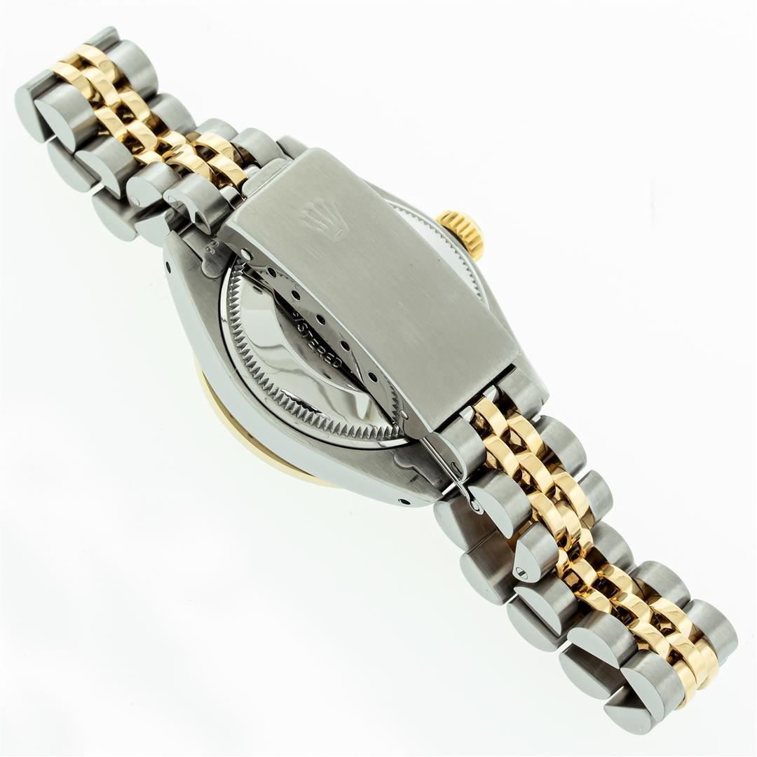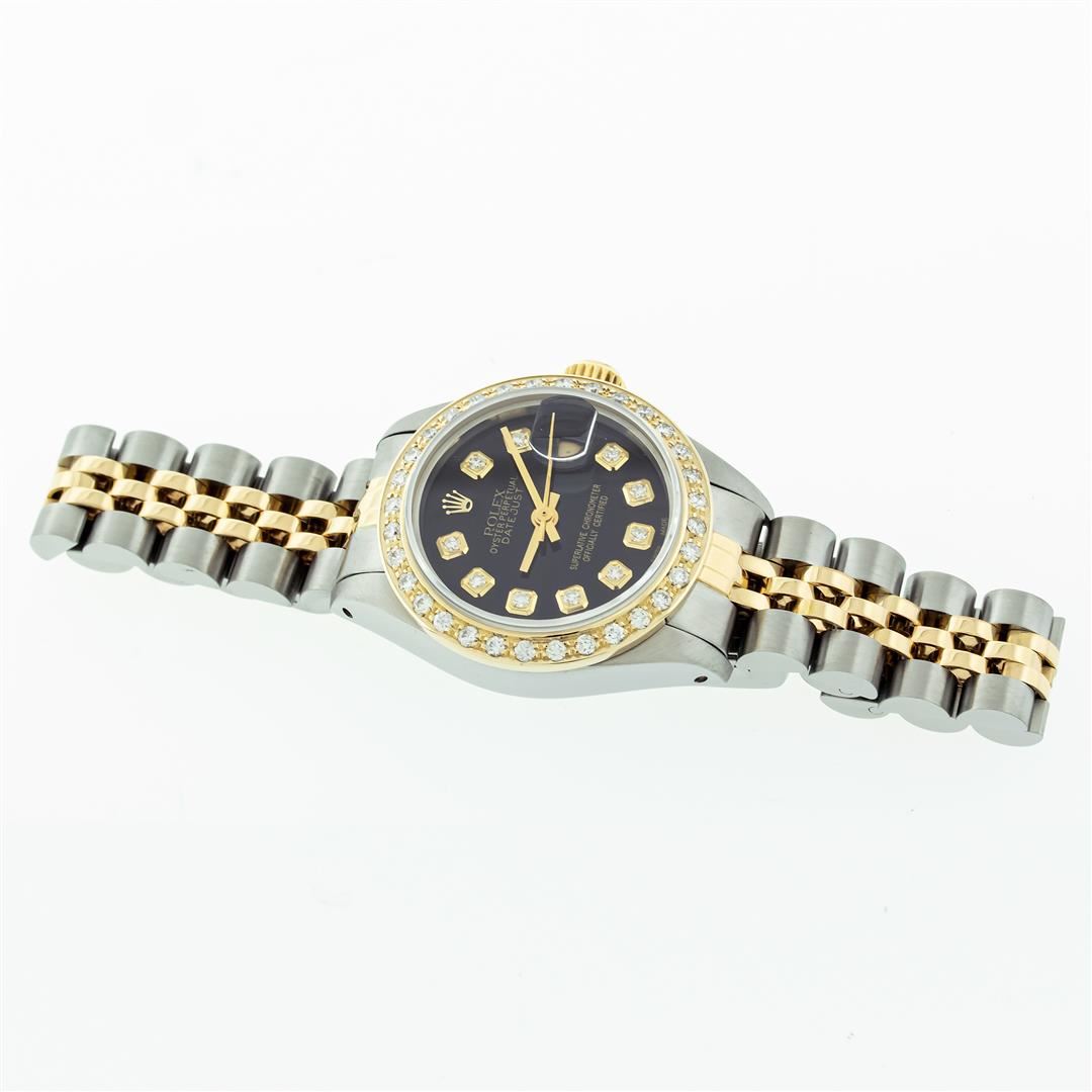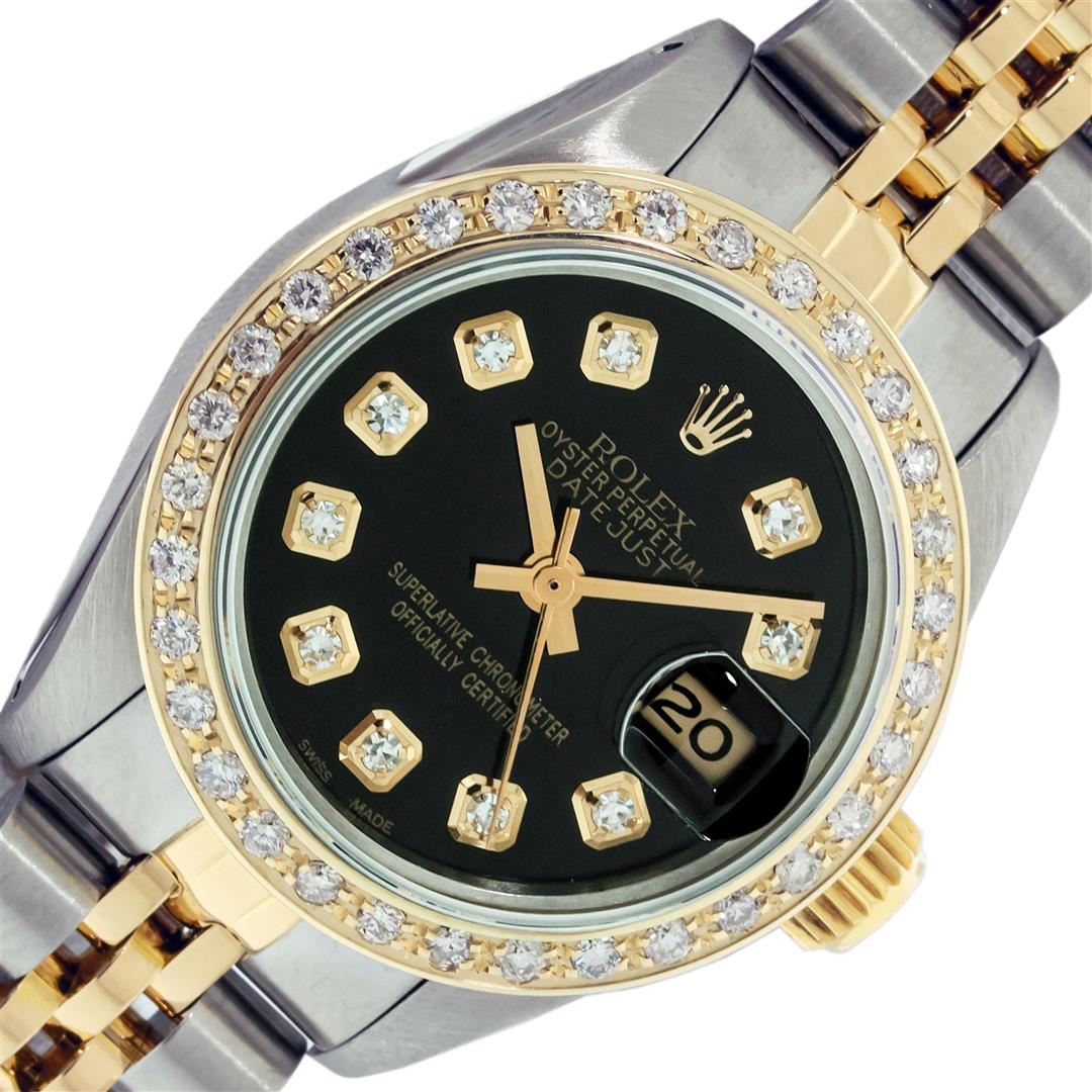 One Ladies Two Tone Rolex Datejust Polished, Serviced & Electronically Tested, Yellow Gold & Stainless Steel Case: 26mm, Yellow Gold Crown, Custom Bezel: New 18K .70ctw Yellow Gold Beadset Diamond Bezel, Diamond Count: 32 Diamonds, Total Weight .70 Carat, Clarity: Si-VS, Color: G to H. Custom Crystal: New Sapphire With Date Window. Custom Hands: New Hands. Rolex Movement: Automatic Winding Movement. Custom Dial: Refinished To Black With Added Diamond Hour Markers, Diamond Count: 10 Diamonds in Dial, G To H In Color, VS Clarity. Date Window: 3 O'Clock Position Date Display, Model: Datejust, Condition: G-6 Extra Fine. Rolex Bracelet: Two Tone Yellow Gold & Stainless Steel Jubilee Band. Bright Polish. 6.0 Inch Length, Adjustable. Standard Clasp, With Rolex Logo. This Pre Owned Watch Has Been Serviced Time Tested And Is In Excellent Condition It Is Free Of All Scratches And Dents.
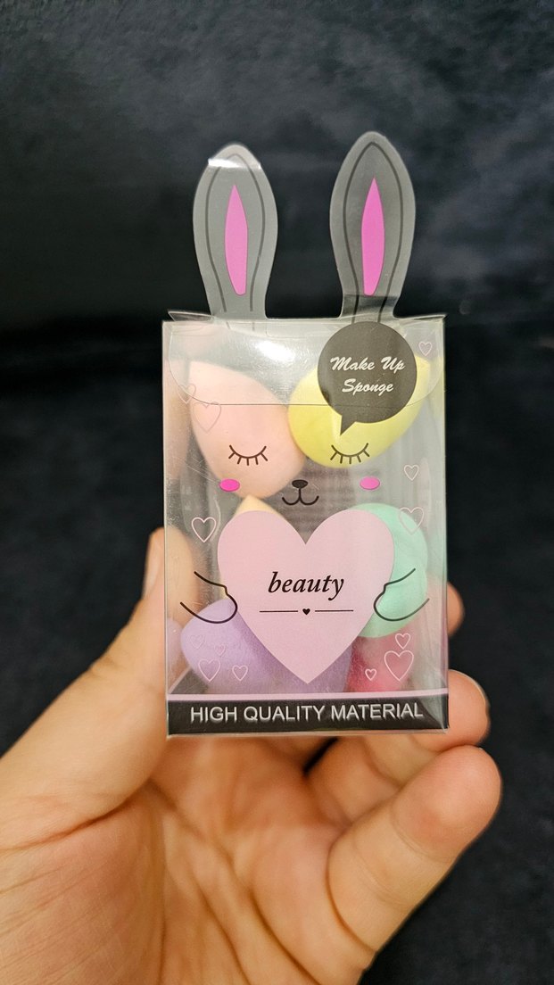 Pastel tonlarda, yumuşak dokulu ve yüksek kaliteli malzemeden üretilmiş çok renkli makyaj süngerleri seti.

--------------------------------------------------

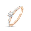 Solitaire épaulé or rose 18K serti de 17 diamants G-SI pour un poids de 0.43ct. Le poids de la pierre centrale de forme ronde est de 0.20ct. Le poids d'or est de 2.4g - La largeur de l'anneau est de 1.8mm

--------------------------------------------------

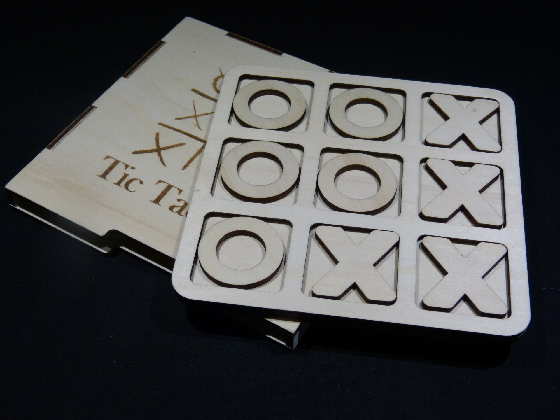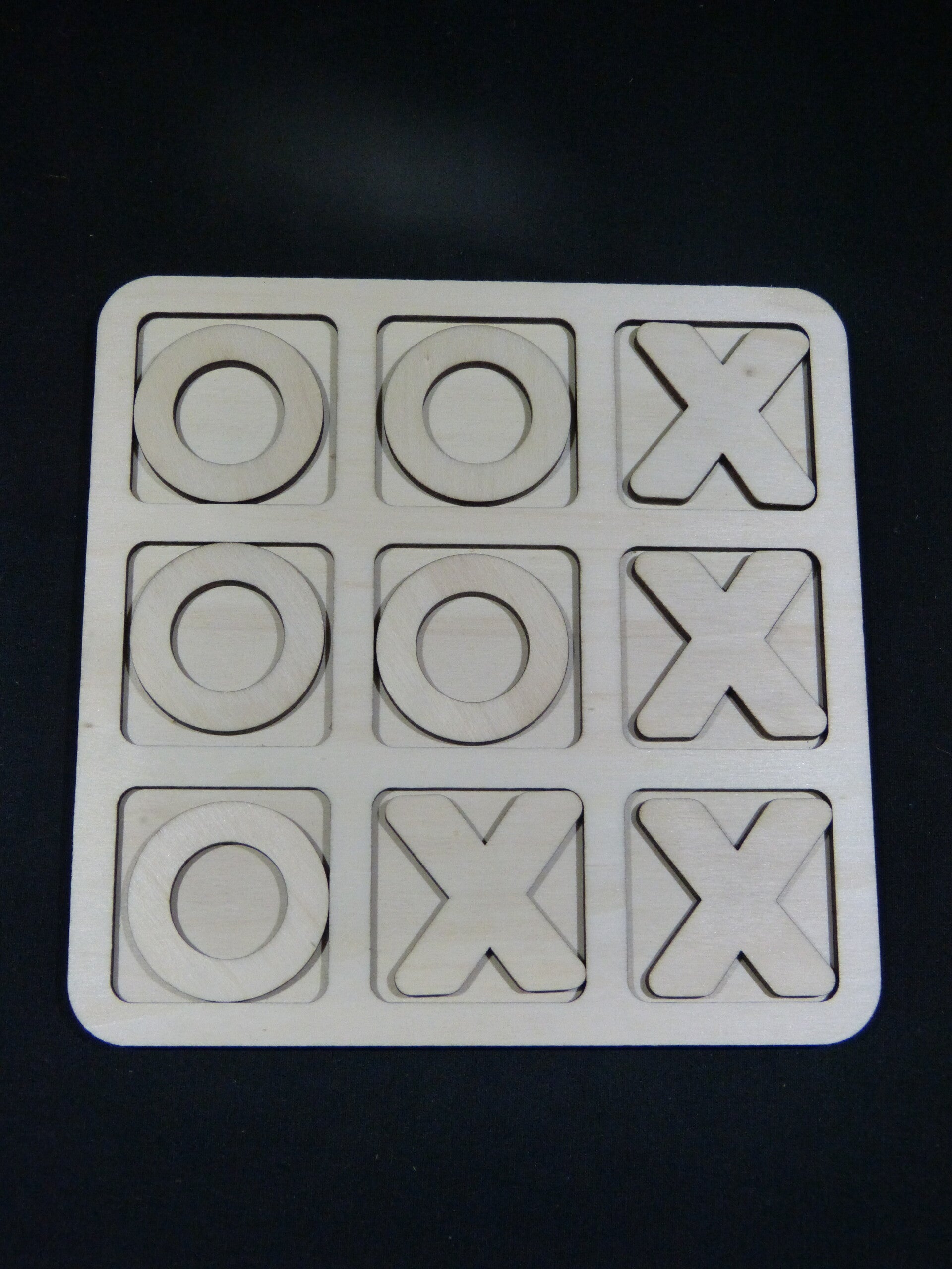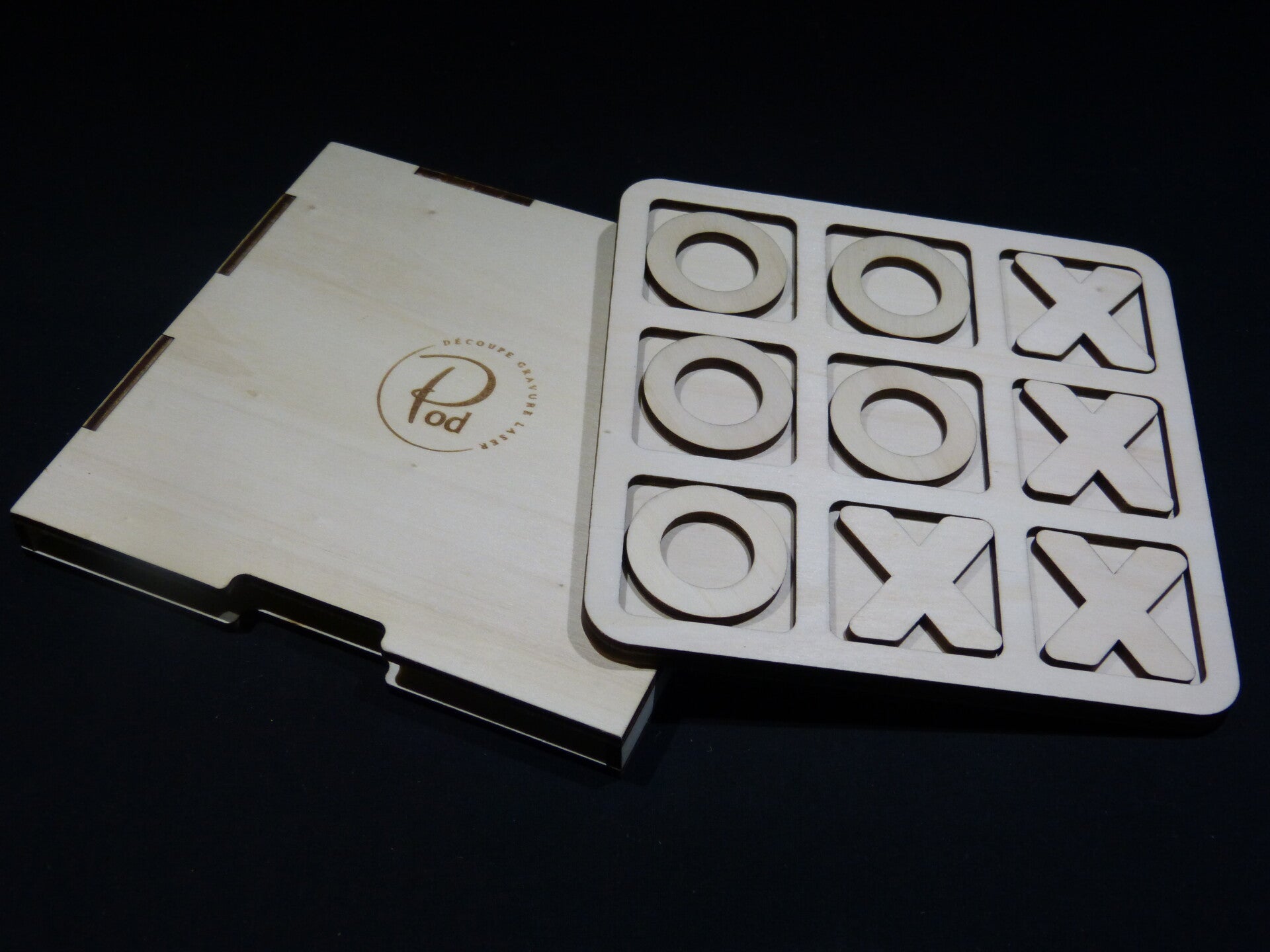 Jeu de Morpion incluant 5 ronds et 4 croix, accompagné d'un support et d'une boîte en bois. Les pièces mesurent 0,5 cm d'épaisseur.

--------------------------------------------------

WHAT YOU WILL DO -
In the records above, copy exactly everything from the line that has "One Ladies Two" down to the line that has "Pastel tonlarda, yumuşak", both ends included, and leave out the pictures.

RESULT BELOW -
 One Ladies Two Tone Rolex Datejust Polished, Serviced & Electronically Tested, Yellow Gold & Stainless Steel Case: 26mm, Yellow Gold Crown, Custom Bezel: New 18K .70ctw Yellow Gold Beadset Diamond Bezel, Diamond Count: 32 Diamonds, Total Weight .70 Carat, Clarity: Si-VS, Color: G to H. Custom Crystal: New Sapphire With Date Window. Custom Hands: New Hands. Rolex Movement: Automatic Winding Movement. Custom Dial: Refinished To Black With Added Diamond Hour Markers, Diamond Count: 10 Diamonds in Dial, G To H In Color, VS Clarity. Date Window: 3 O'Clock Position Date Display, Model: Datejust, Condition: G-6 Extra Fine. Rolex Bracelet: Two Tone Yellow Gold & Stainless Steel Jubilee Band. Bright Polish. 6.0 Inch Length, Adjustable. Standard Clasp, With Rolex Logo. This Pre Owned Watch Has Been Serviced Time Tested And Is In Excellent Condition It Is Free Of All Scratches And Dents.
 Pastel tonlarda, yumuşak dokulu ve yüksek kaliteli malzemeden üretilmiş çok renkli makyaj süngerleri seti.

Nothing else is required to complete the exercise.